In case you want to use the homebrew-installed clang (OpenMP support), modify the call to cmake above to
CC="/usr/local/opt/llvm/bin/clang" CXX="/usr/local/opt/llvm/bin/clang++" LDFLAGS="-L/usr/local/opt/llvm/lib -Wl,-rpath,/usr/local/opt/llvm/lib" CPPFLAGS="-I/usr/local/opt/llvm/include" cmake ..
Compilation only works with mingw64/clang or the Intel C++ Compiler, with Intel C++ being the recommended way
You need to have Visual Studio 2017 installed, with the community edition being sufficient. LibAPR does not compile correctly with the default Visual Studio compiler, so you also need to have the Intel C++ Compiler, 18.0 or higher installed. cmake is also a requirement.
Furthermore, you need to have HDF5 installed (binary distribution download at The HDF Group and LibTIFF (source download from SimpleSystems. LibTIFF needs to be compiled via cmake. LibTIFF's install target will then install the library into C:\Program Files\tiff.

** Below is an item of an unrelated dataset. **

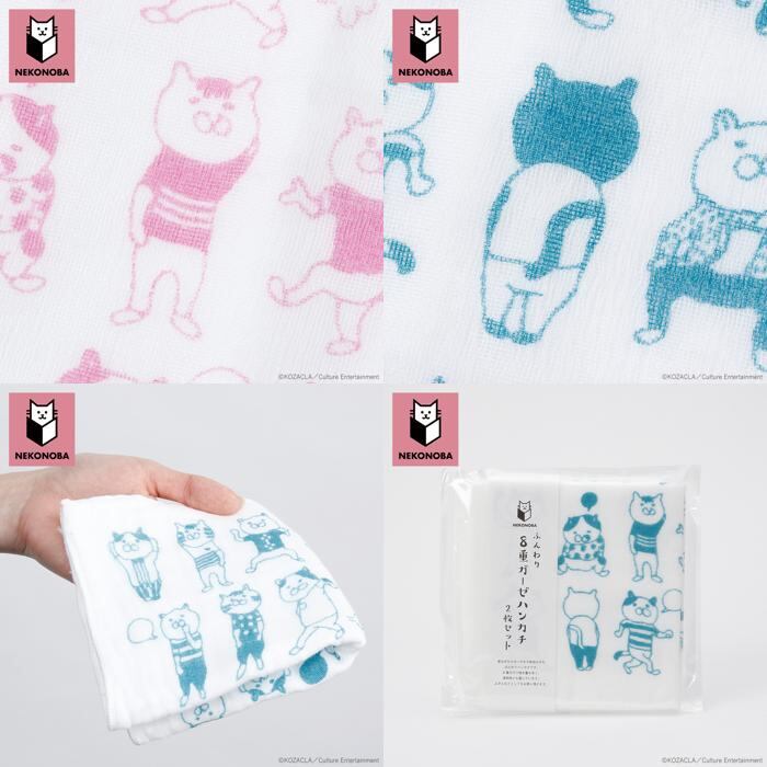NEKONOBA グッズ 通販 ネコノバ ガーゼハンカチ 2枚セット ハンカチ タオルハンカチ セット ハンドタオル ハンカチタオル ガーゼタオル ミニタオル ふきん 布巾 お口拭き 手拭き キャラクター 可愛い 猫 ねこ ネコ 猫グッズ かわいい おしゃれ

In the directory of the cloned repository, run:
mkdir build
cd build
cmake -G "Visual Studio 15 2017 Win64" -DTIFF_INCLUDE_DIR="C:/Program Files/tiff/include" -DTIFF_LIBRARY="C:/Program Files/tiff/lib/tiff.lib " -DHDF5_ROOT="C:/Program Files/HDF_Group/HDF5/1.8.17" -T "Intel C++ Compiler 18.0" ..
cmake --build . --config Debug
This will set the appropriate hints for Visual Studio to find both LibTIFF and HDF5. This will create the apr.dll library in the build/Debug directory, as well as all of the examples. If you need a Release build, run cmake --build . --config Release from the build directory.
There are nine basic examples, that show how to generate and compute with the APR:
| Example | How to ... |
|---|---|
| Example_get_apr | create an APR from a TIFF and store as hdf5. |
| Example_apr_iterate | iterate through a given APR. |
| Example_neighbour_access | access particle and face neighbours. |
| Example_compress_apr | additionally compress the intensities stored in an APR. |
| Example_compute_gradient | compute a gradient based on the stored particles in an APR. |
| Example_produce_paraview_file | produce a file for visualisation in ParaView or reading in Matlab. |
| Example_random_access | perform random access operations on particles. |
| Example_ray_cast | perform a maximum intensity projection ray cast directly on the APR data structures read from an APR. |
| Example_reconstruct_image | reconstruct a pixel image from an APR. |
All examples except Example_get_apr require an already produced APR, such as those created by Example_get_apr.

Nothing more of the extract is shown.